Restate all of the entries exactly, dropping any pictures they hold.

Provided records section start

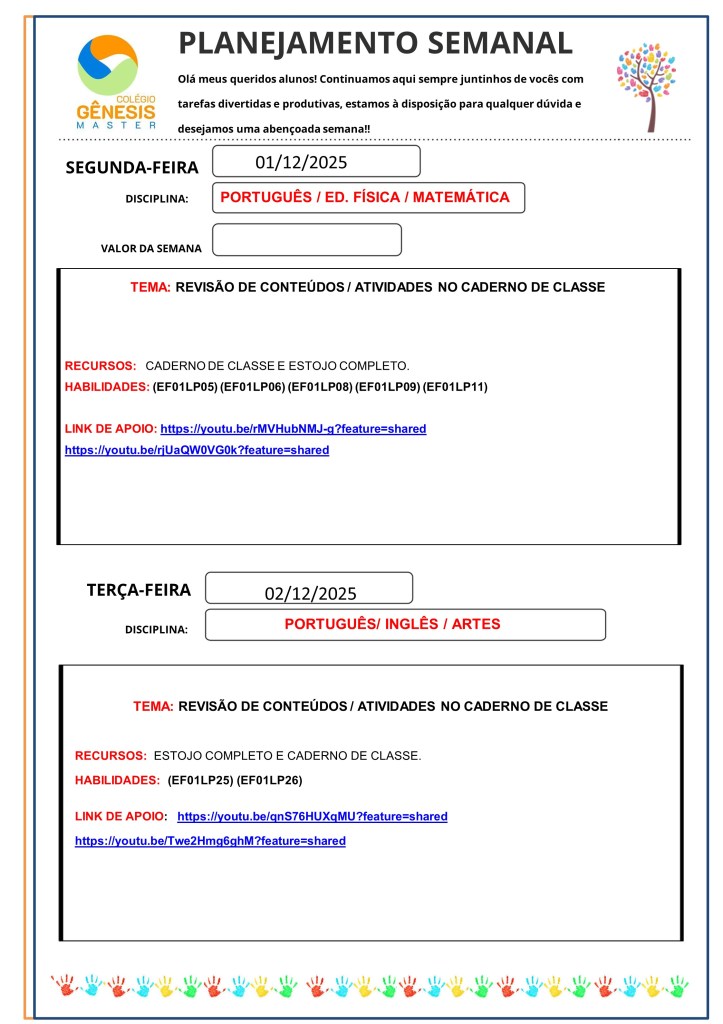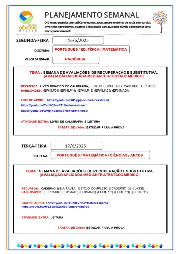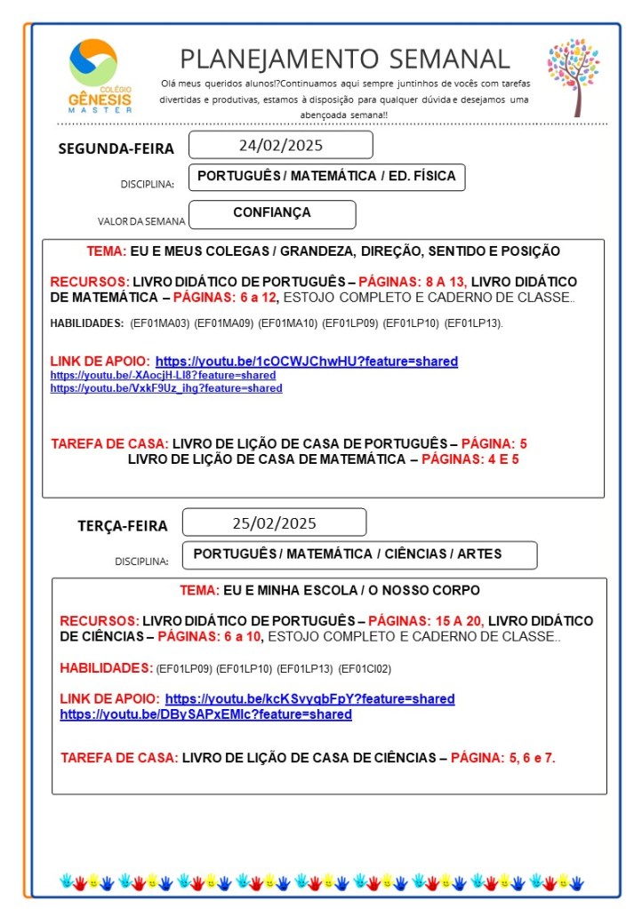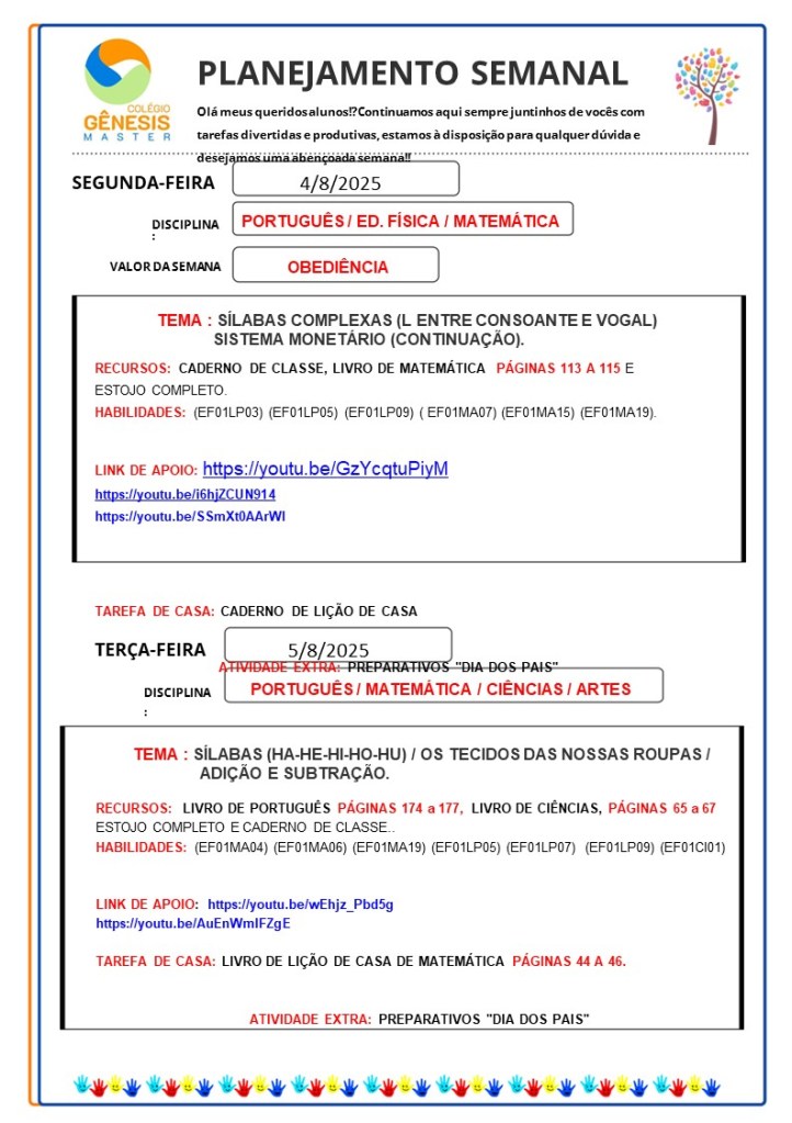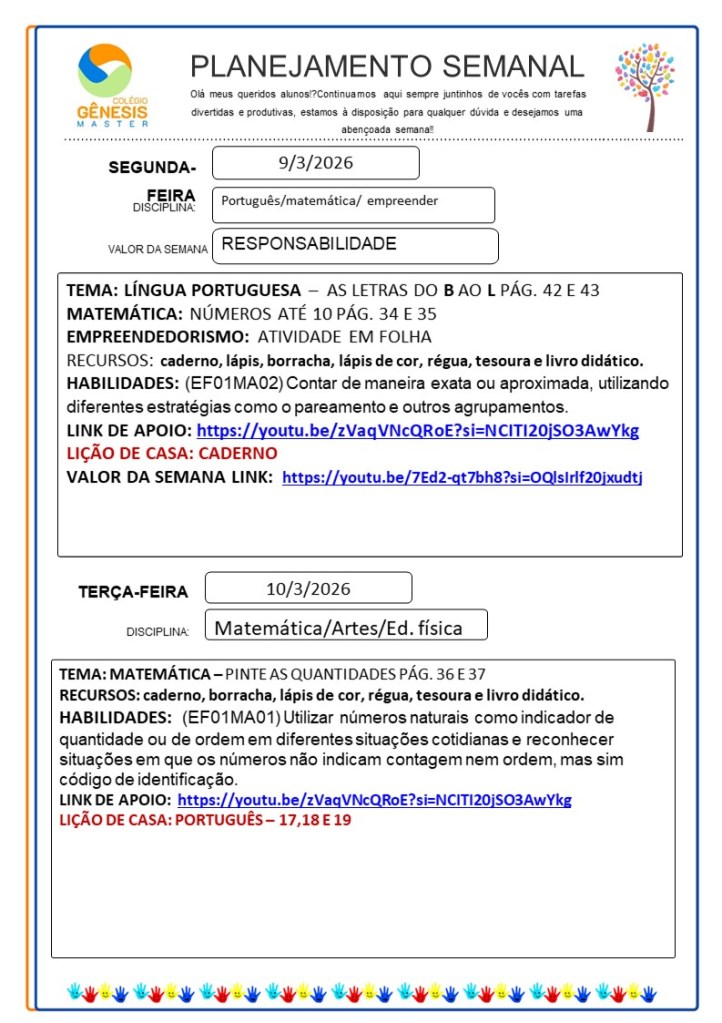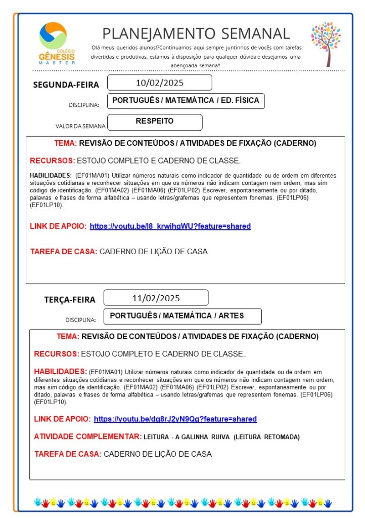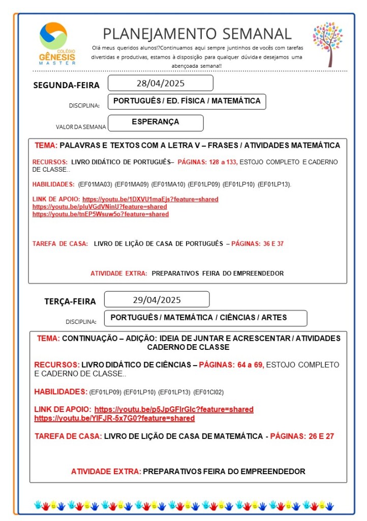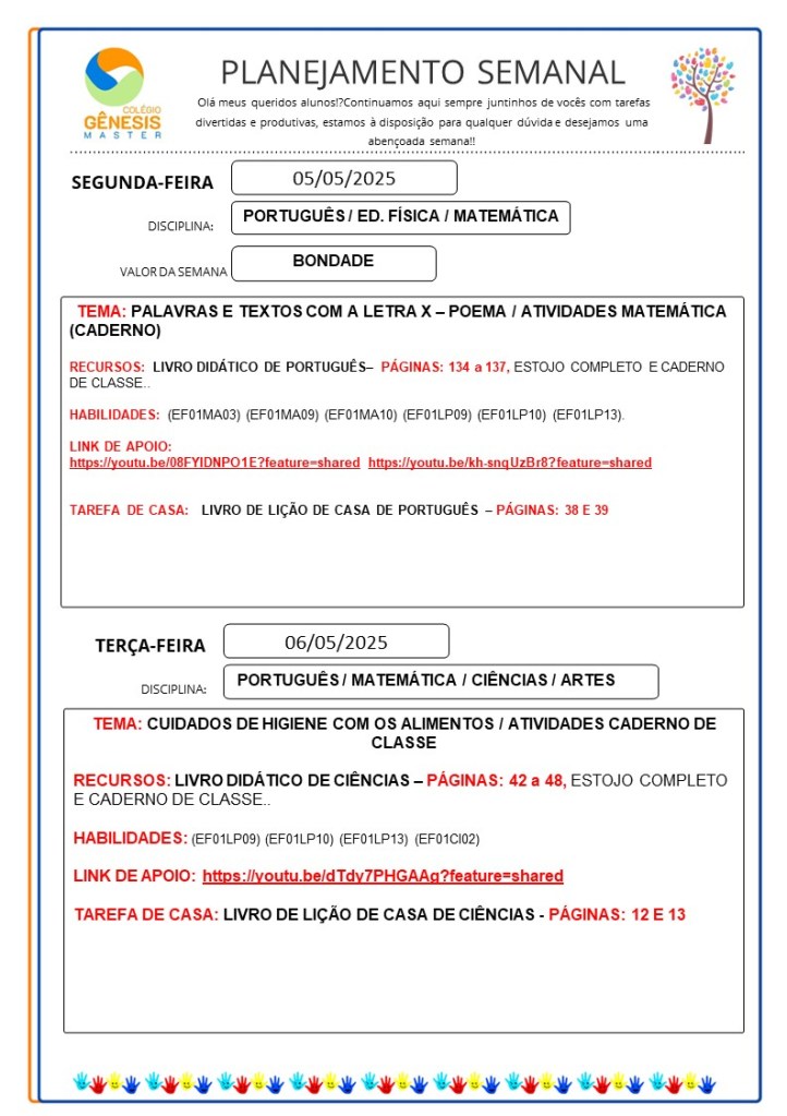 Continuamos aqui sempre juntinhos de vocês com tarefas divertidas e produtivas, estamos à disposição para qualquer dúvida e desejamos uma abençoada semana!!
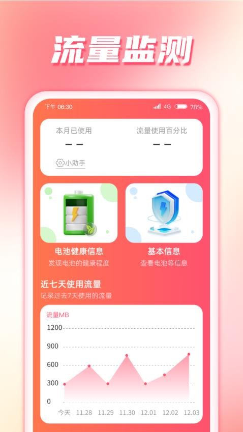 秒连 流量app 最新版是一款帮助用户监控手机流量使用状况的应用程序。在这款应用中,手机流量消耗数据被直观地展示出来,用户可以在线查看已使用的流量数据,从而更好地了解每月的流量使用情况,并实现对手机流量的实时监控。此外,该应用还清晰地展示了手机电池的健康状态和基本信息,使用户能够查看并了解手机电池的健康状况。它还提供了网络测速功能,用户可以一键测试网络速度,以便了解当前的网络状况,确保在良好的网络环境下使用手机。有需求的用户快来下载秒连流量免费版应用程序吧!
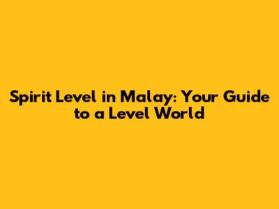 Spirit Level In Malay: Your Guide To A Level World
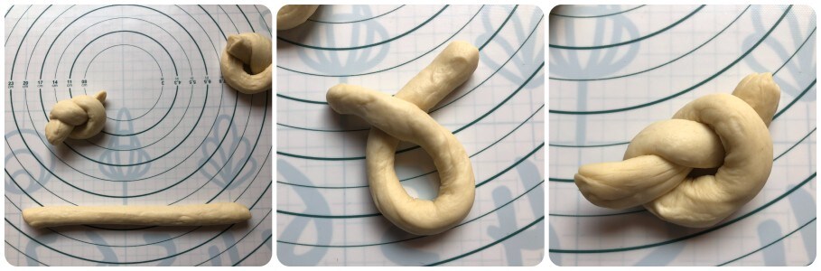 Vorm van elk stukje een rolletje door het over het werkblad te rollen en vouw het in een knoop.
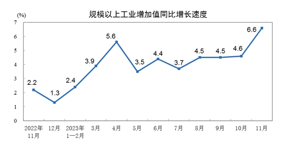 11月份,規(guī)模以上工業(yè)增加值同比實(shí)際增長(zhǎng)6.6%(增加值增速均為扣除價(jià)格因素的實(shí)際增長(zhǎng)率)。從環(huán)比看,11月份,規(guī)模以上工業(yè)增加值比上月增長(zhǎng)0.87%。1—11月份,規(guī)模以上工業(yè)增加值同比增長(zhǎng)4.3%。
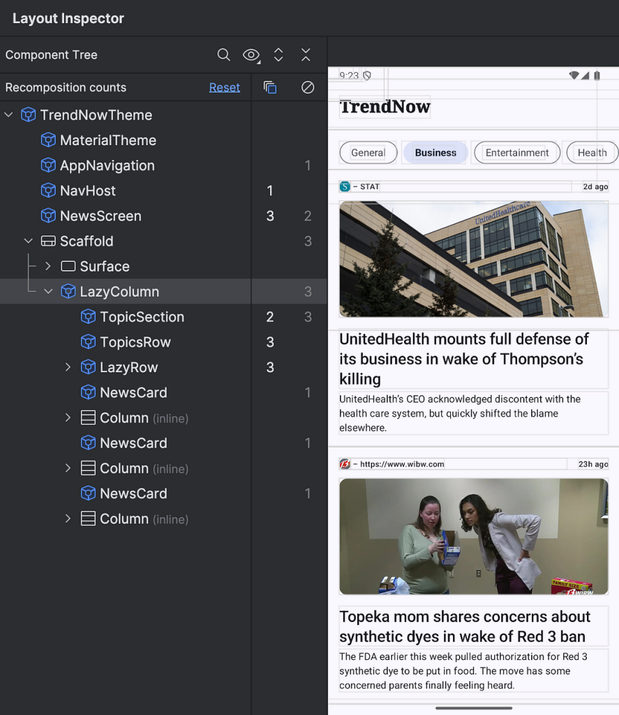 Количество рекомпозиций в Layout inspector (инспекторе макета)
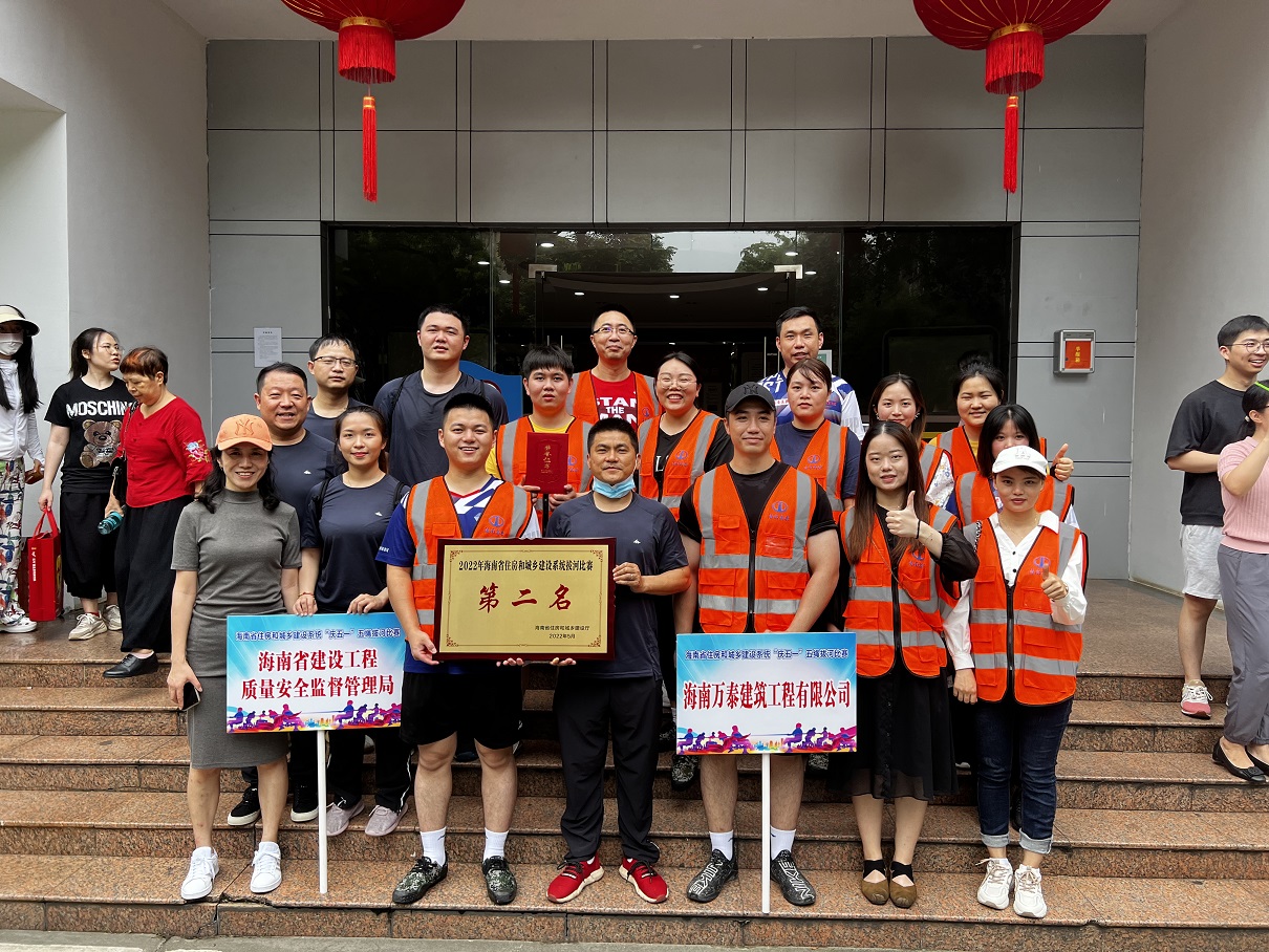 5月15日上午,海南万泰建筑工程有限公司党支部、工会组织员工参加了由省住建厅主办的“庆五一”五绳拔河比赛。省住建厅副厅长陈孝京、省建设工会专职副主席刘志伟、机关党委专职副书记莫百超,厅相关处室、直属单位及部分基层工会有关人员参加了本次比赛活动。万泰公司对本次活动非常重视,派出了由王斌、王威、张豪杰、张乐开、林溪婷、孙彤、张会岭组成的男女拔河队,韩文剑副总亲自率队组成啦啦队全程加油助威。
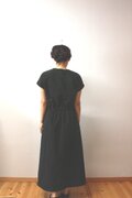 ゆったりしたワンピースですがてウエストが太ゴム仕様になっているので太ウエストがほっそりして見える、女性らしいラインを作ってくれるワンピースです。
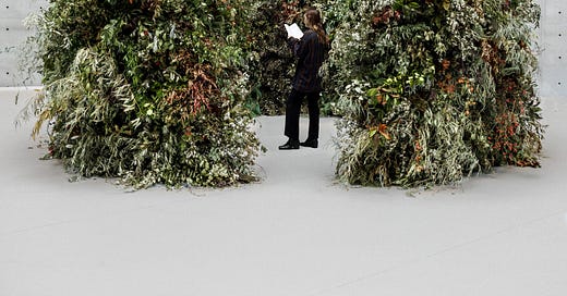 A meditative morning of reading before the Bourse du Commerce opens its doors.
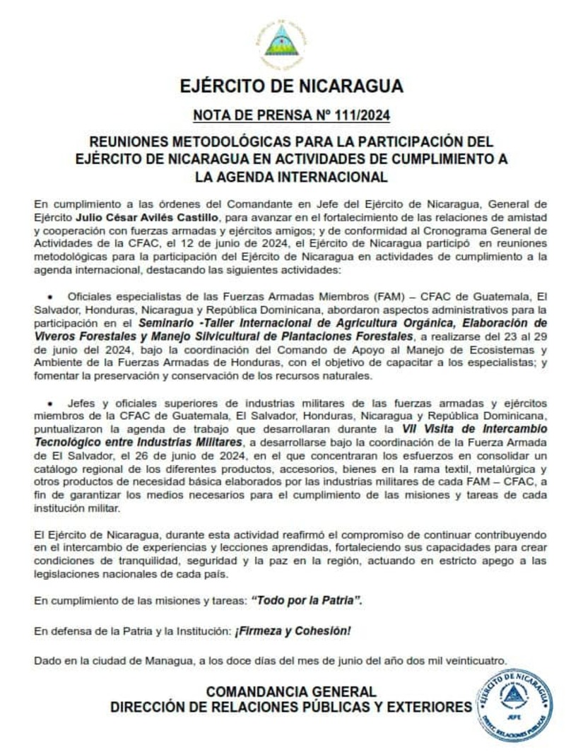 En cumplimiento a las órdenes del Comandante en Jefe del Ejército de Nicaragua, General de Ejército Julio César Avilés Castillo, para avanzar en el fortalecimiento de las relaciones de amistad y cooperación con fuerzas armadas y ejércitos amigos; y de conformidad al Cronograma General de Actividades de la CFAC, el 12 de junio de 2024, el Ejército de Nicaragua participó en reuniones metodológicas para la participación del Ejército de Nicaragua en actividades de cumplimiento a la agenda internacional, destacando las siguientes actividades:

Provided records section end

## Finished exercise
 Continuamos aqui sempre juntinhos de vocês com tarefas divertidas e produtivas, estamos à disposição para qualquer dúvida e desejamos uma abençoada semana!!
 秒连 流量app 最新版是一款帮助用户监控手机流量使用状况的应用程序。在这款应用中,手机流量消耗数据被直观地展示出来,用户可以在线查看已使用的流量数据,从而更好地了解每月的流量使用情况,并实现对手机流量的实时监控。此外,该应用还清晰地展示了手机电池的健康状态和基本信息,使用户能够查看并了解手机电池的健康状况。它还提供了网络测速功能,用户可以一键测试网络速度,以便了解当前的网络状况,确保在良好的网络环境下使用手机。有需求的用户快来下载秒连流量免费版应用程序吧!
 Spirit Level In Malay: Your Guide To A Level World
 Vorm van elk stukje een rolletje door het over het werkblad te rollen en vouw het in een knoop.
 11月份,規(guī)模以上工業(yè)增加值同比實(shí)際增長(zhǎng)6.6%(增加值增速均為扣除價(jià)格因素的實(shí)際增長(zhǎng)率)。從環(huán)比看,11月份,規(guī)模以上工業(yè)增加值比上月增長(zhǎng)0.87%。1—11月份,規(guī)模以上工業(yè)增加值同比增長(zhǎng)4.3%。
 Количество рекомпозиций в Layout inspector (инспекторе макета)
 5月15日上午,海南万泰建筑工程有限公司党支部、工会组织员工参加了由省住建厅主办的“庆五一”五绳拔河比赛。省住建厅副厅长陈孝京、省建设工会专职副主席刘志伟、机关党委专职副书记莫百超,厅相关处室、直属单位及部分基层工会有关人员参加了本次比赛活动。万泰公司对本次活动非常重视,派出了由王斌、王威、张豪杰、张乐开、林溪婷、孙彤、张会岭组成的男女拔河队,韩文剑副总亲自率队组成啦啦队全程加油助威。
 ゆったりしたワンピースですがてウエストが太ゴム仕様になっているので太ウエストがほっそりして見える、女性らしいラインを作ってくれるワンピースです。
 A meditative morning of reading before the Bourse du Commerce opens its doors.
 En cumplimiento a las órdenes del Comandante en Jefe del Ejército de Nicaragua, General de Ejército Julio César Avilés Castillo, para avanzar en el fortalecimiento de las relaciones de amistad y cooperación con fuerzas armadas y ejércitos amigos; y de conformidad al Cronograma General de Actividades de la CFAC, el 12 de junio de 2024, el Ejército de Nicaragua participó en reuniones metodológicas para la participación del Ejército de Nicaragua en actividades de cumplimiento a la agenda internacional, destacando las siguientes actividades:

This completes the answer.